Maybe you could help me by giving me hints or explanations on how to improve following code as an example, which splits a FASTA (definition below) formatted file into two separate files according to the rule that odd sequence pairs belong to one file and even ones to aother one ("separation of strands"). The "most" straight-forward way to do so would be in a imperative way by looping through the lines and printing into the corresponding files via open file streams (and this of course works excellent). However, I just don't enjoy the style of reassigning to variables holding header and sequences, thus the following example code uses (tail-)recursion, and I would appreciate to have found a way to maintain a similar design without running into ressource problems!
The example works perfectly for small files, but already with files at around ~500mb the code will fail with the standard JVM setups. I do want to process files of "arbitray" size, say 10-20gb or so.
val fileName = args(0)
val in = io.Source.fromFile(fileName) getLines
type itType = Iterator[String]
type sType = Stream[(String, String)]
def getFullSeqs(ite: itType) = {
//val metaChar = ">"
val HeadPatt = "(^>)(.+)" r
val SeqPatt = "([\\w\\W]+)" r
#annotation.tailrec
def rec(it: itType, out: sType = Stream[(String, String)]()): sType =
if (it hasNext) it next match {
case HeadPatt(_,header) =>
// introduce new header-sequence pair
rec(it, (header, "") #:: out)
case SeqPatt(seq) =>
val oldVal = out head
// concat subsequences
val newStream = (oldVal._1, oldVal._2 + seq) #:: out.tail
rec(it, newStream)
case _ =>
println("something went wrong my friend, oh oh oh!"); Stream[(String, String)]()
} else out
rec(ite)
}
def printStrands(seqs: sType) {
import java.io.PrintWriter
import java.io.File
def printStrand(seqse: sType, strand: Int) {
// only use sequences of one strand
val indices = List.tabulate(seqs.size/2)(_*2 + strand - 1).view
val p = new PrintWriter(new File(fileName + "." + strand))
indices foreach { i =>
p.print(">" + seqse(i)._1 + "\n" + seqse(i)._2 + "\n")
}; p.close
println("Done bro!")
}
List(1,2).par foreach (s => printStrand(seqs, s))
}
printStrands(getFullSeqs(in))
Three questions arise for me:
A) Let's assume one needs to maintain a large data structure obtained by processing the initial iterator you get from getLines like in my getFullSeqs method (note the different size of in and the output of getFullSeqs), because transformations on the whole(!) data is required repeatedly, because one does not know which part of the data one will require at any step. My example might not be the best, but how to do so? Is it possible at all??

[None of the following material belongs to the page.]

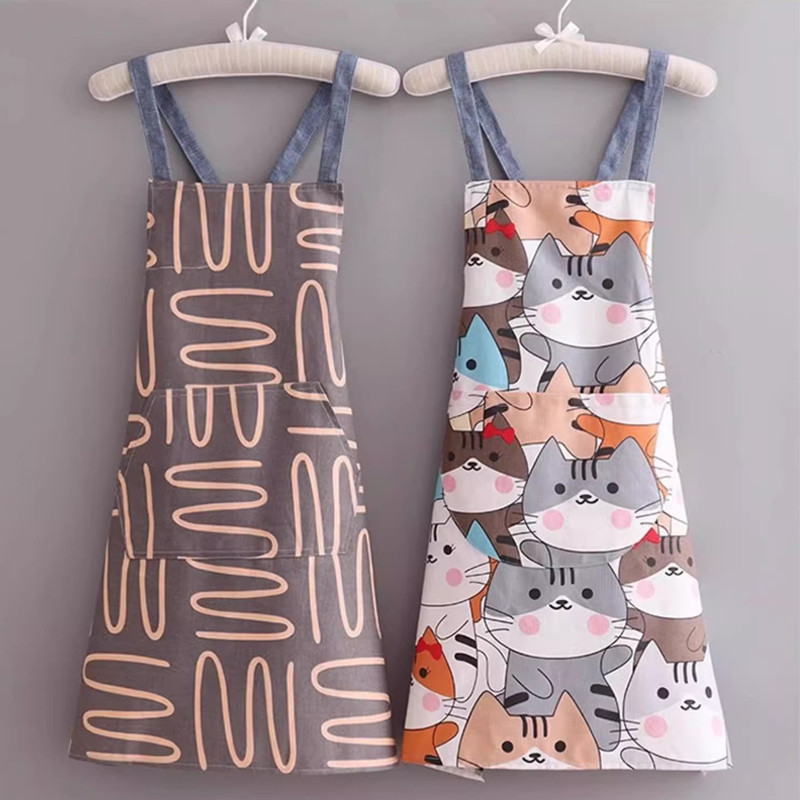 [Qianbaidu] ผ้ากันเปื้อนแฟชั่น กันน้ำ、น้ำมัน มีลวดลาย ปรับสายได้ ผู้หญิงทำอาหาร、เบเกอรี่、งานบ้าน

B) What when the desired data structure is not inherently lazy, say one would like to store the (header -> sequence) pairs into a Map()? Would you wrap it in a lazy collection?
C) My implementation of constructing the stream might reverse the order of the inputted lines. When calling reverse, all elements will be evaluated (in my code, they already are, so this is the actual problem). Is there any way to post-process "from behind" in a lazy fashion? I know of reverseIterator, but is this already the solution, or will this not actually evaluate all elements first, too (as I would need to call it on a list)? One could construct the stream with newVal #:: rec(...), but I would lose tail-recursion then, wouldn't I?
So what I basically need is to add elements to a collection, which are not evaluated by the process of adding. So lazy val elem = "test"; elem :: lazyCollection is not what I am looking for.
EDIT: I have also tried using by-name parameter for the stream argument in rec .
Thank you so much for your attention and time, I really appreciate any help (again :) ).
/////////////////////////////////////////////////////////////////////////////////////////////////////////////////////////////////////////////////////////////////////
FASTA is defined as a sequential set of sequences delimited by a single header line. A header is defined as a line starting with ">". Every line below the header is called part of the sequence associated with the header. A sequence ends when a new header is present. Every header is unique. Example:
>HEADER1
abcdefg
>HEADER2
hijklmn
opqrstu
>HEADER3
vwxyz
>HEADER4
zyxwv
Thus, sequence 2 is twice as big as seq 1. My program would split that file into a file A containing
>HEADER1
abcdefg
>HEADER3
vwxyz
and a second file B containing
>HEADER2
hijklmn
opqrstu
>HEADER4
zyxwv
The input file is assumed to consist of an even number of header-sequence pairs.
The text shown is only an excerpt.